[Items listed in a dataset]
........
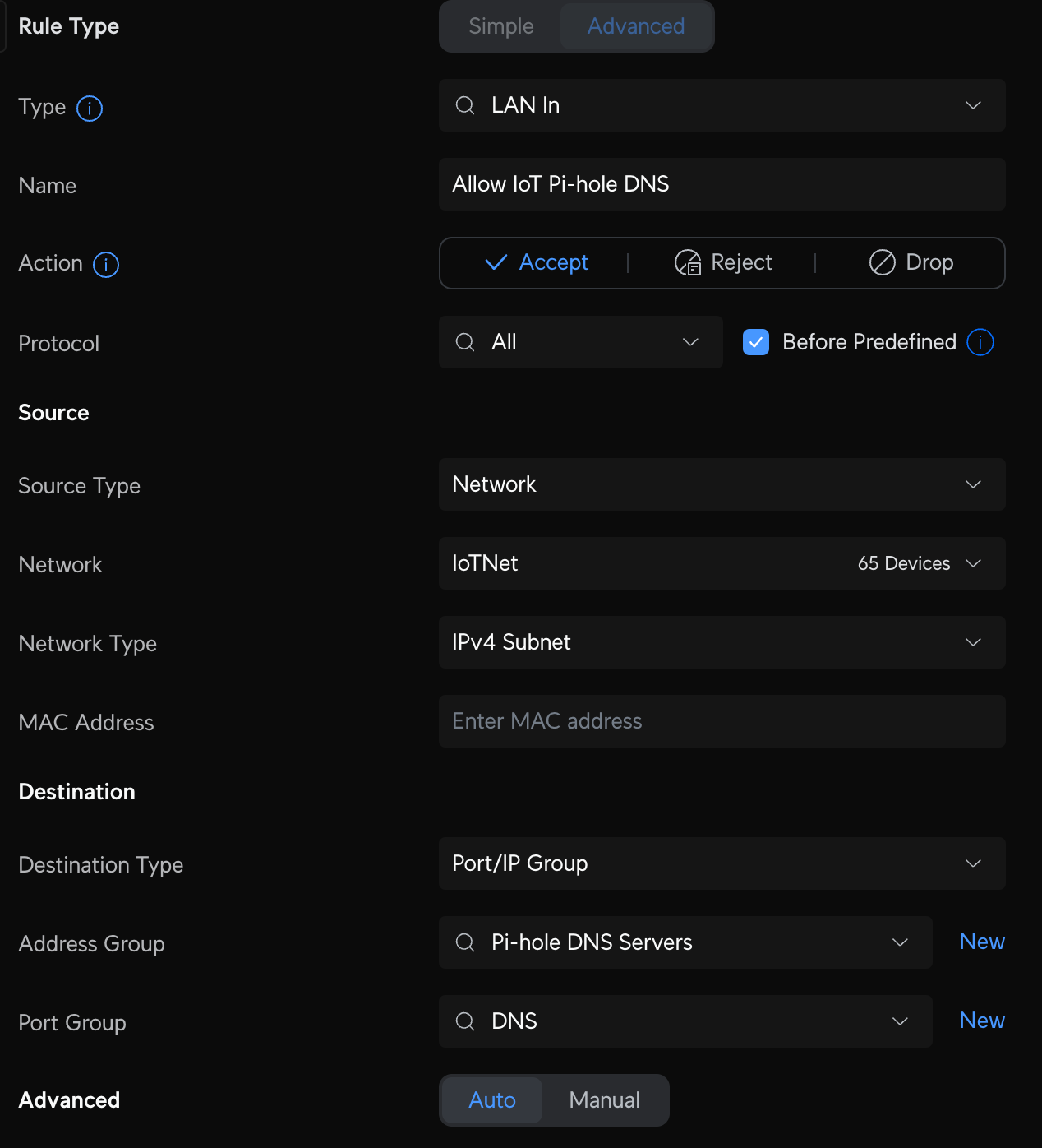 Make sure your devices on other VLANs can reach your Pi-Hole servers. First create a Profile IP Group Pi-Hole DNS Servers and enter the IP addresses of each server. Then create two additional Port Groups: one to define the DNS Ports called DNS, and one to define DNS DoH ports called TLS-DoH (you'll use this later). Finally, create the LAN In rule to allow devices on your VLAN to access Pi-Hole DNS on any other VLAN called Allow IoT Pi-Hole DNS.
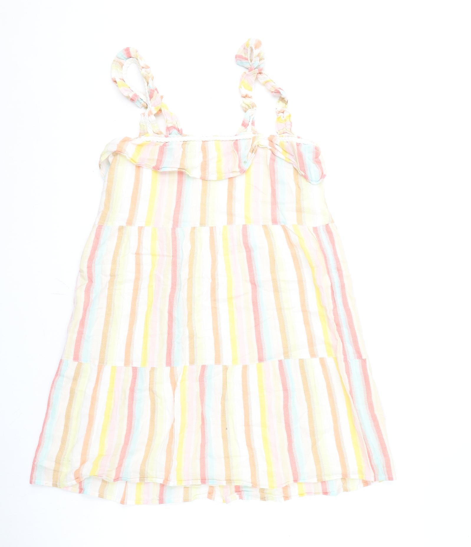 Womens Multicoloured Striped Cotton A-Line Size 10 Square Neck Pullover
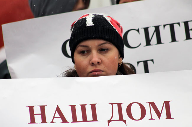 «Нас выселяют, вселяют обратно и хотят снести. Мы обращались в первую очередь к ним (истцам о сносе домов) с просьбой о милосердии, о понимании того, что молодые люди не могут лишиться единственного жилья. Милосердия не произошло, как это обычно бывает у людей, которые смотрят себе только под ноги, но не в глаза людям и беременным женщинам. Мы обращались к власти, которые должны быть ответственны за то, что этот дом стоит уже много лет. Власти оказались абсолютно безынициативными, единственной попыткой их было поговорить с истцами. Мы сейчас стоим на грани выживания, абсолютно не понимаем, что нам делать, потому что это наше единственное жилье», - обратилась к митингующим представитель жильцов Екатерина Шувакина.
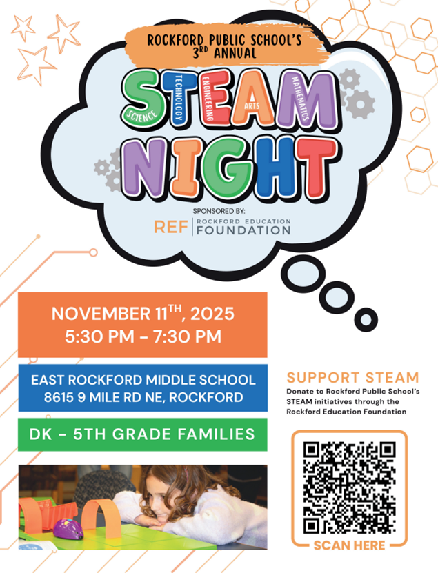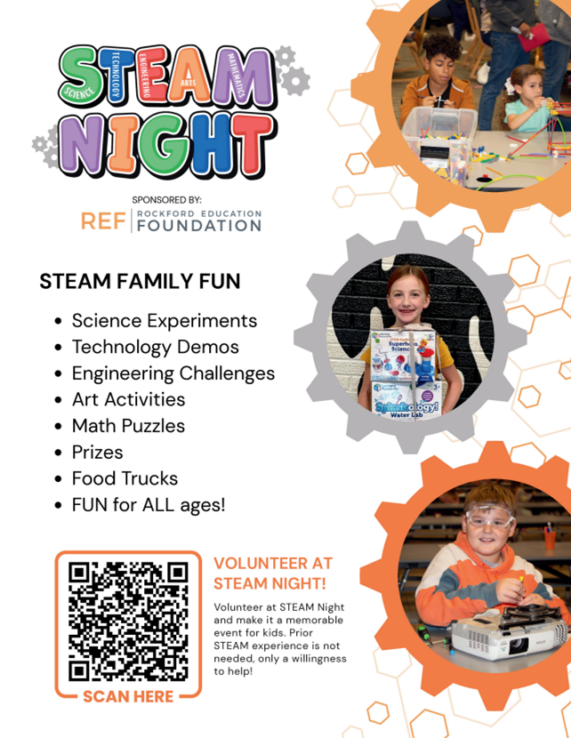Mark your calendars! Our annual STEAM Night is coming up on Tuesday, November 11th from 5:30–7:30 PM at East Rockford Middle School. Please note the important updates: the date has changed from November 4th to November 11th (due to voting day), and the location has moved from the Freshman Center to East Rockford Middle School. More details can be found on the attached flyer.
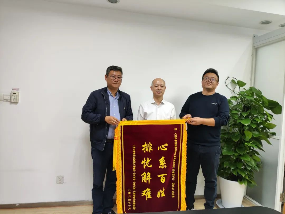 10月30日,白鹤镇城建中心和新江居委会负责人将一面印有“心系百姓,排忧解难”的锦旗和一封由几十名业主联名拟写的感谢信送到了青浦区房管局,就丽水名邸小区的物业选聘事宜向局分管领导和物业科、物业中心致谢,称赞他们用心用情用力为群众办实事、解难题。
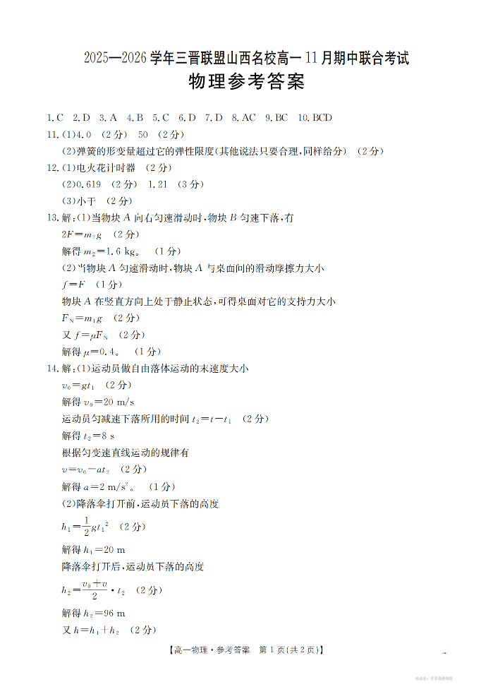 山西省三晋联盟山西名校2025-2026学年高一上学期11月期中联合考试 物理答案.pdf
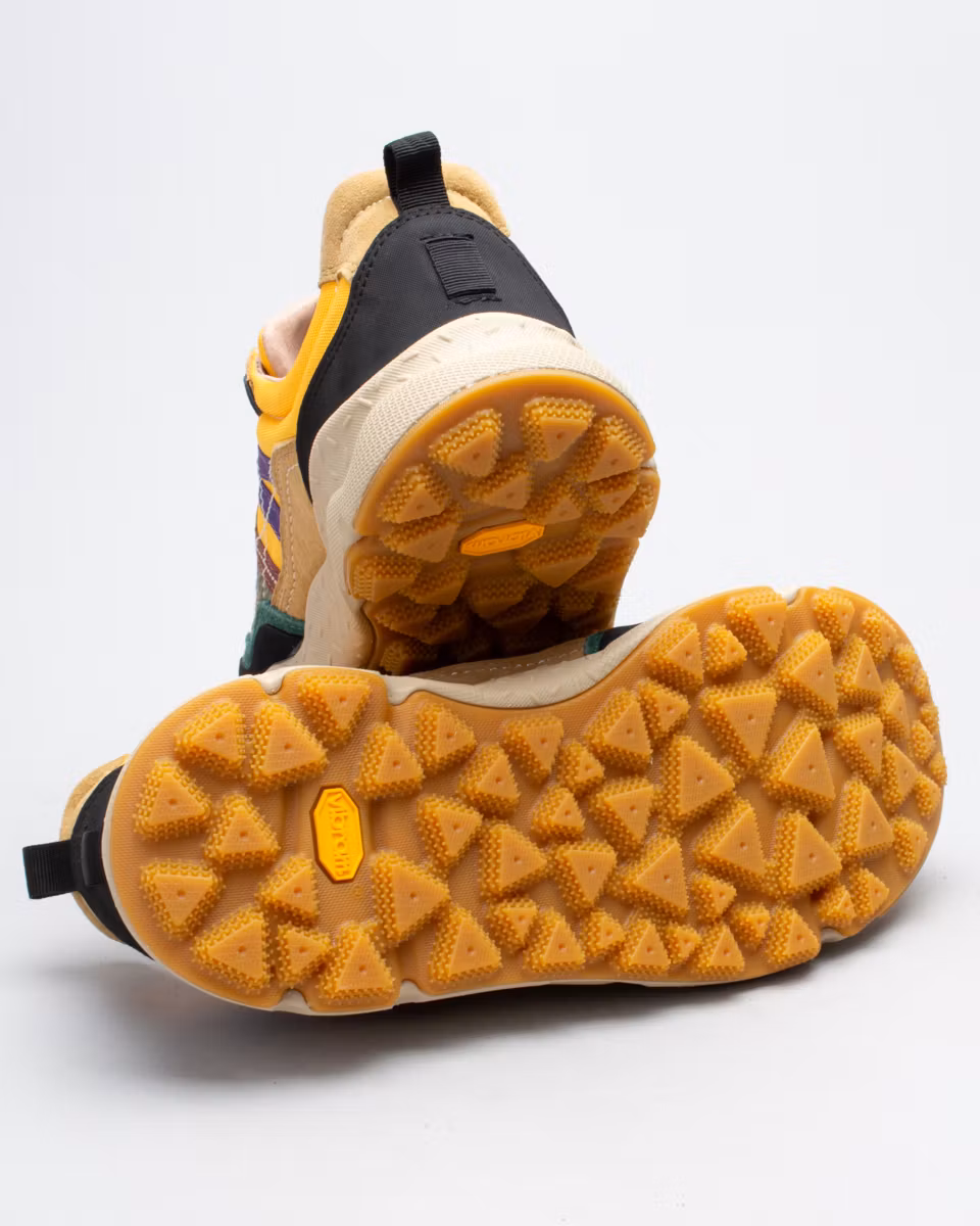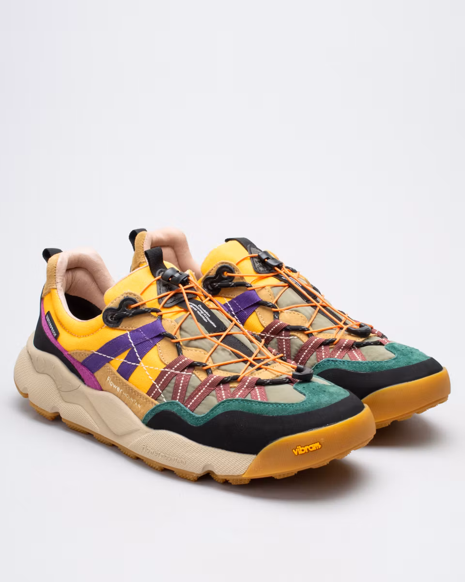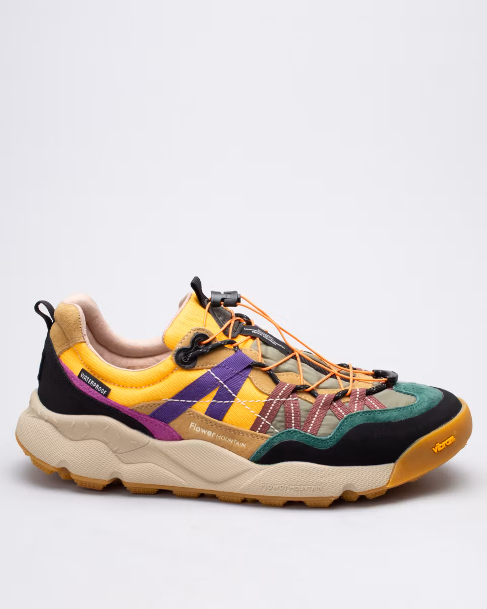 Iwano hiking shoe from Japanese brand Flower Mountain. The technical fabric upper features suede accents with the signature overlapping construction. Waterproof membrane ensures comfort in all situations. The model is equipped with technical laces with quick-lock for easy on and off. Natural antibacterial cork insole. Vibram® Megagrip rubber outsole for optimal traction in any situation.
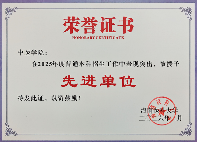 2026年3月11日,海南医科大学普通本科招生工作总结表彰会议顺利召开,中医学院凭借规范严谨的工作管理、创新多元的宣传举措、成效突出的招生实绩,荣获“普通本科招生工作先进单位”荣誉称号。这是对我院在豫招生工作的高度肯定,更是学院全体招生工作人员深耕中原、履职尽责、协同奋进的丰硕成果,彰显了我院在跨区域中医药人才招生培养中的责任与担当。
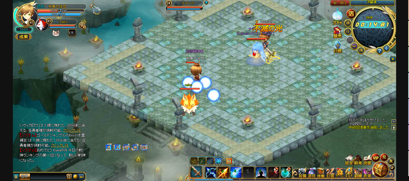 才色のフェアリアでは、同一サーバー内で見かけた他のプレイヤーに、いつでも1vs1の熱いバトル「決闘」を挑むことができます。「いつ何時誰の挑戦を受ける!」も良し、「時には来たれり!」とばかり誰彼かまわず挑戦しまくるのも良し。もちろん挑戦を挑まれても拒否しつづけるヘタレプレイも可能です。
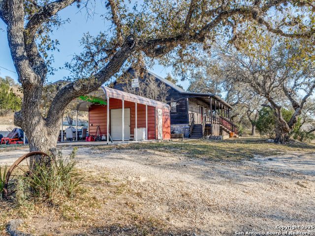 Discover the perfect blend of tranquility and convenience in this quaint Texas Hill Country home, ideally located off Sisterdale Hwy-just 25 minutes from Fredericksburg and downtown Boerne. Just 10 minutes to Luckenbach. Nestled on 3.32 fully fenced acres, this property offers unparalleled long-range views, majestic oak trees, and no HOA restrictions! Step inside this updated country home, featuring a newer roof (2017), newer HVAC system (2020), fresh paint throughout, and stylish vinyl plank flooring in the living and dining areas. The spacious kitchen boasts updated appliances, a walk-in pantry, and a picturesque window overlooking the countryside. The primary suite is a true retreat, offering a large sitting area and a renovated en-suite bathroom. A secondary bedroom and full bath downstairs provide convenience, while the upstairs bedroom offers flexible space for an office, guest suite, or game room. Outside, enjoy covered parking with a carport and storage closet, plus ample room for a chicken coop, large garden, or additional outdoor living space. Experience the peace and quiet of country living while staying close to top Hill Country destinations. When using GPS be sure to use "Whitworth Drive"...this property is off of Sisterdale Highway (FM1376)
........
Your assignment: Beginning with the first line of the records above, extract each line exactly through the line that holds "山西省三晋联盟山西名校202", both ends included. Omit pictures.

Solution:
 Make sure your devices on other VLANs can reach your Pi-Hole servers. First create a Profile IP Group Pi-Hole DNS Servers and enter the IP addresses of each server. Then create two additional Port Groups: one to define the DNS Ports called DNS, and one to define DNS DoH ports called TLS-DoH (you'll use this later). Finally, create the LAN In rule to allow devices on your VLAN to access Pi-Hole DNS on any other VLAN called Allow IoT Pi-Hole DNS.
 Womens Multicoloured Striped Cotton A-Line Size 10 Square Neck Pullover
 «Нас выселяют, вселяют обратно и хотят снести. Мы обращались в первую очередь к ним (истцам о сносе домов) с просьбой о милосердии, о понимании того, что молодые люди не могут лишиться единственного жилья. Милосердия не произошло, как это обычно бывает у людей, которые смотрят себе только под ноги, но не в глаза людям и беременным женщинам. Мы обращались к власти, которые должны быть ответственны за то, что этот дом стоит уже много лет. Власти оказались абсолютно безынициативными, единственной попыткой их было поговорить с истцами. Мы сейчас стоим на грани выживания, абсолютно не понимаем, что нам делать, потому что это наше единственное жилье», - обратилась к митингующим представитель жильцов Екатерина Шувакина.
Mark your calendars! Our annual STEAM Night is coming up on Tuesday, November 11th from 5:30–7:30 PM at East Rockford Middle School. Please note the important updates: the date has changed from November 4th to November 11th (due to voting day), and the location has moved from the Freshman Center to East Rockford Middle School. More details can be found on the attached flyer.
 10月30日,白鹤镇城建中心和新江居委会负责人将一面印有“心系百姓,排忧解难”的锦旗和一封由几十名业主联名拟写的感谢信送到了青浦区房管局,就丽水名邸小区的物业选聘事宜向局分管领导和物业科、物业中心致谢,称赞他们用心用情用力为群众办实事、解难题。
 山西省三晋联盟山西名校2025-2026学年高一上学期11月期中联合考试 物理答案.pdf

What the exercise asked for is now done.